I have followed following answer for Tar produces different files each time and Why does the PIGZ produce a different md5sum. My goal is to generate deterministic compressed file in tar.gz format (having the same md5sum hash), if the compressed files' contents are not change.

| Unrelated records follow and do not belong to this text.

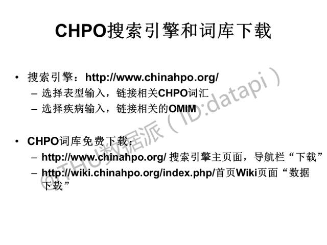 搜索引擎可在输入表型后链接CHPO,输入疾病可链接OMIM和ORPHA;同时,可免费下载词库,现已包含1万多个词条。
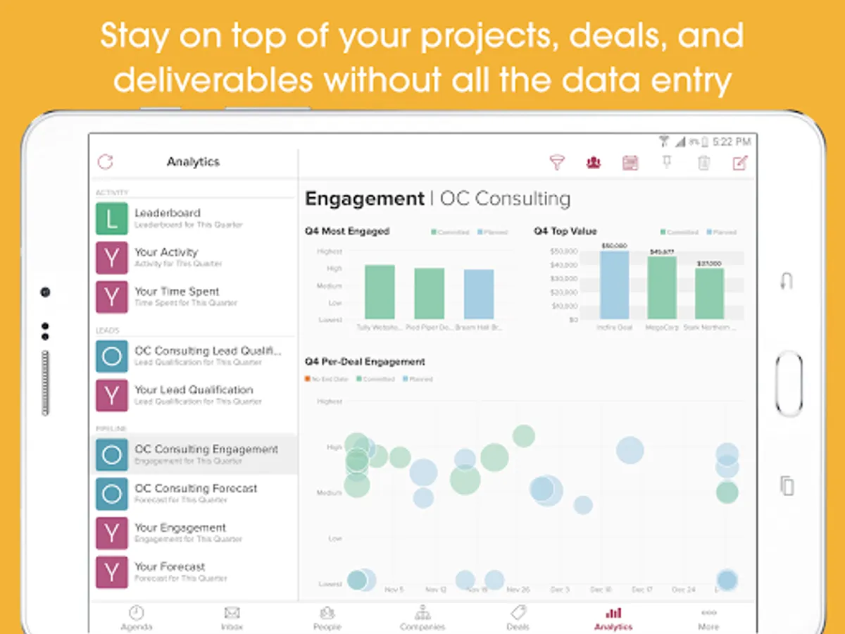• Analytics: Pipeline, forecast, engagement, activity, and lead analytics
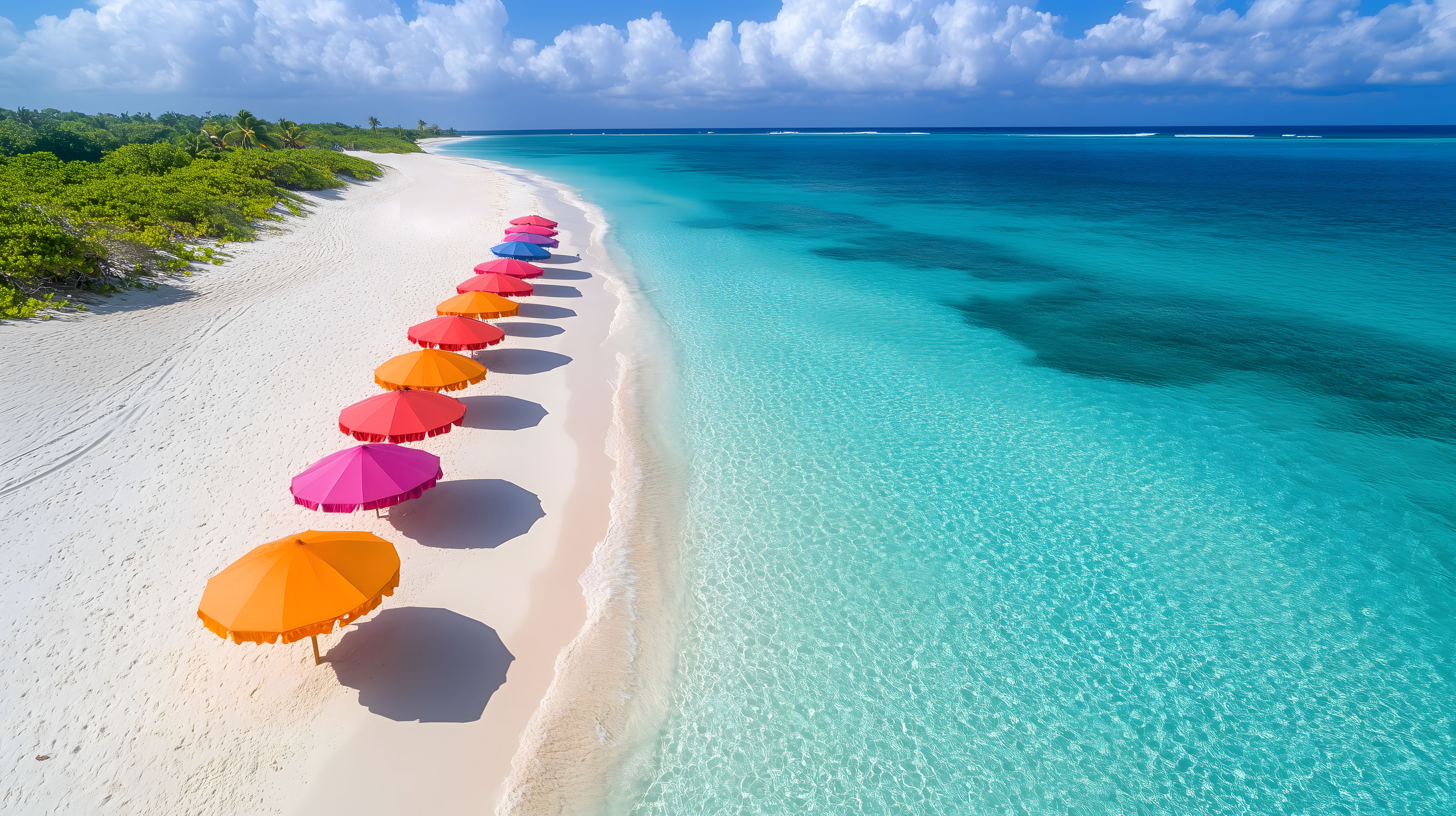Diese luftige Aufnahme zeigt einen traumhaften tropischen Sandstrand mit einer Reihe bunter Sonnenschirme, die sich entlang der Küste erstrecken. Das glasklare türkisfarbene Wasser und der weiße Sand verleihen der Szene eine paradiesische Atmosphäre. Die lebendigen Farben der Regenschirme, die sich vom strahlenden Himmel abheben, tragen zu einem stimmungsvollen Gesamteindruck bei. Dieses Foto eignet sich hervorragend als Hintergrundmotiv für Blogs, Websites, Newsletter oder Werbeanzeigen rund um Urlaub, Reise und Erholung. Aufgrund der hohen Auflösung kann das Bild ohne Einschränkungen kostenfrei unter der Creative Commons-Lizenz genutzt werden.
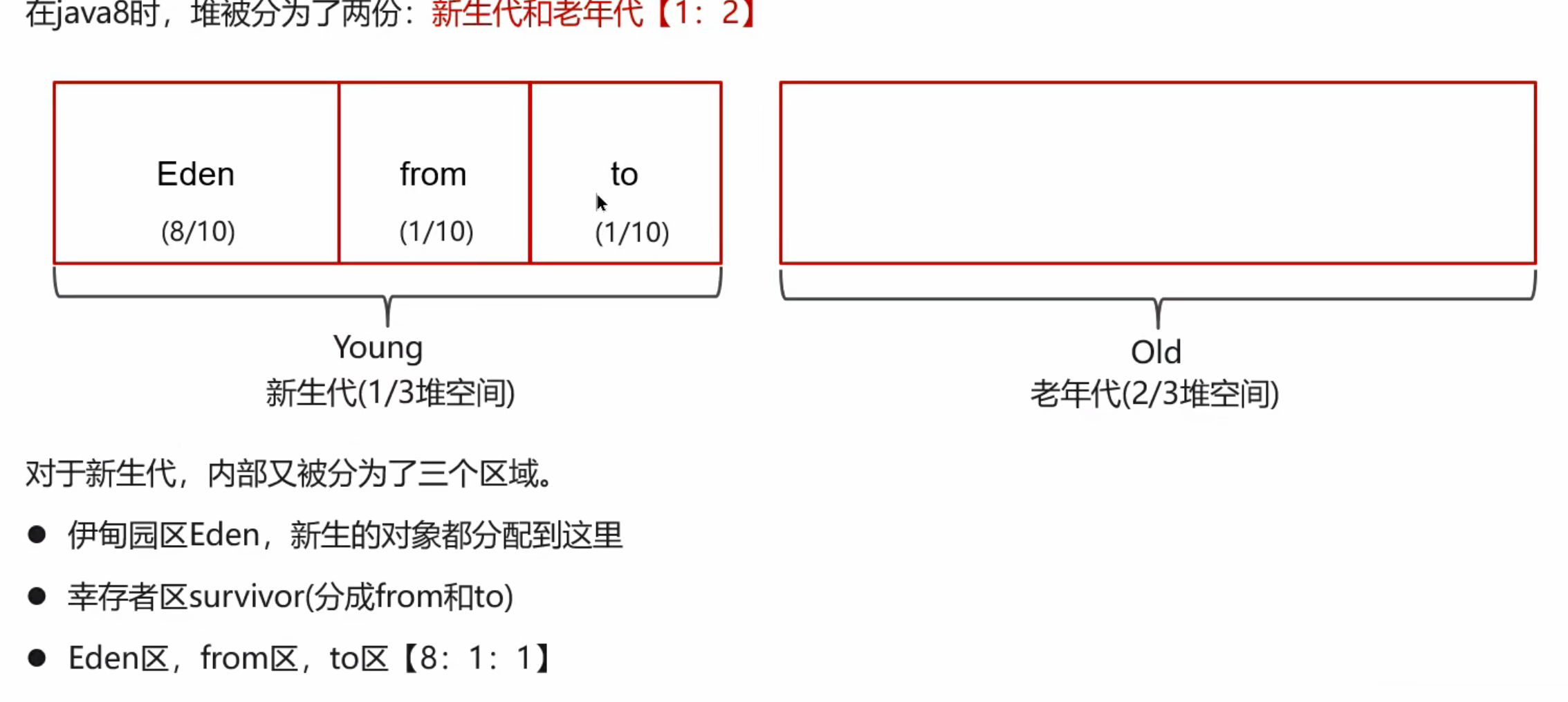 年轻代被划分为三部分,Eden 区和两个大小严格相同的 Survivor 区,根据 JVM 策略(对象先进入到 Eden 区,经过垃圾收集还存活,复制到 S0 或 S1),经过几次垃圾收集之后,依然存活于 Survivor 的对象将被放到老年代。
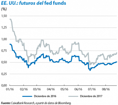 Por su parte, la Reserva Federal (Fed) adopta un registro conservador y recalca que aplicará una senda de normalización muy gradual. La reunión de finales de julio del banco central estadounidense no deparó grandes novedades. A pesar del tono conservador del comunicado oficial, la Fed constató el descenso de los riesgos derivados del brexit y resaltó la fortaleza del mercado laboral. Esto sugiere que la Fed mantiene la puerta abierta a subir el tipo oficial antes de que finalice este año, en línea con nuestro escenario, que fecha la segunda subida del fed funds en diciembre. En este mismo sentido se pronunció Yellen en el simposio anual de política monetaria de Jackson Hole (EE. UU.), donde resaltó que las condiciones para efectuar una nueva subida de tipos (evolución del empleo e inflación) se han reforzado en los últimos meses.

$ cd /home/user/folder_to_zip
$ echo "helloworld" > data.txt && md5sum data.txt
d73b04b0e696b0945283defa3eee4538 data.txt
$ echo "life" > data1.txt
$ md5sum data1.txt
5b019d44541d974a2cbf3299c8279c10 data1.txt
$ ls -lA -tr -h
total 8.0K
-rw-rw-r-- 1 alper alper alper 11 2021-01-24 17:20 data.txt
-rw-rw-r-- 1 alper alper alper 5 2021-01-24 17:31 data1.txt
$ find . -print0 | LC_ALL=C sort -z | \
PIGZ=-n tar -Ipigz --mode=a+rwX --owner=0 --group=0 --absolute-names --no-recursion --null -T - -cvf ../file.tar.gz && md5sum ../file.tar.gz
./
./data.txt
./data1.txt
b117eaf020ba2d85cca84a169e4df750 ../file.tar.gz
I have done the same operation but keeping the contents of the data.txt exactly same:
$ echo "helloworld" > data.txt && md5sum data.txt
d73b04b0e696b0945283defa3eee4538 data.txt
$ echo "life" > data1.txt && md5sum data1.txt
5b019d44541d974a2cbf3299c8279c10 data1.txt
$ ls -lA -tr -h
total 8.0K
-rw-rw-r-- 1 alper alper alper 5 2021-01-24 17:35 data1.txt
-rw-rw-r-- 1 alper alper alper 11 2021-01-24 17:35 data.txt
$ find . -print0 | LC_ALL=C sort -z | \
PIGZ=-n tar -Ipigz --mode=a+rwX --owner=0 --group=0 --absolute-names --no-recursion --null -T - -cvf ../file.tar.gz && md5sum ../file.tar.gz
./
./data.txt
./data1.txt
5218abe2ece732c74314d36b7e712c88 ../file.tar.gz
At the end, generated md5sum hash differs between the each compressed files, even though the data they are compressing is exactly same.
What may be the main reason of this and is it possible tofix it?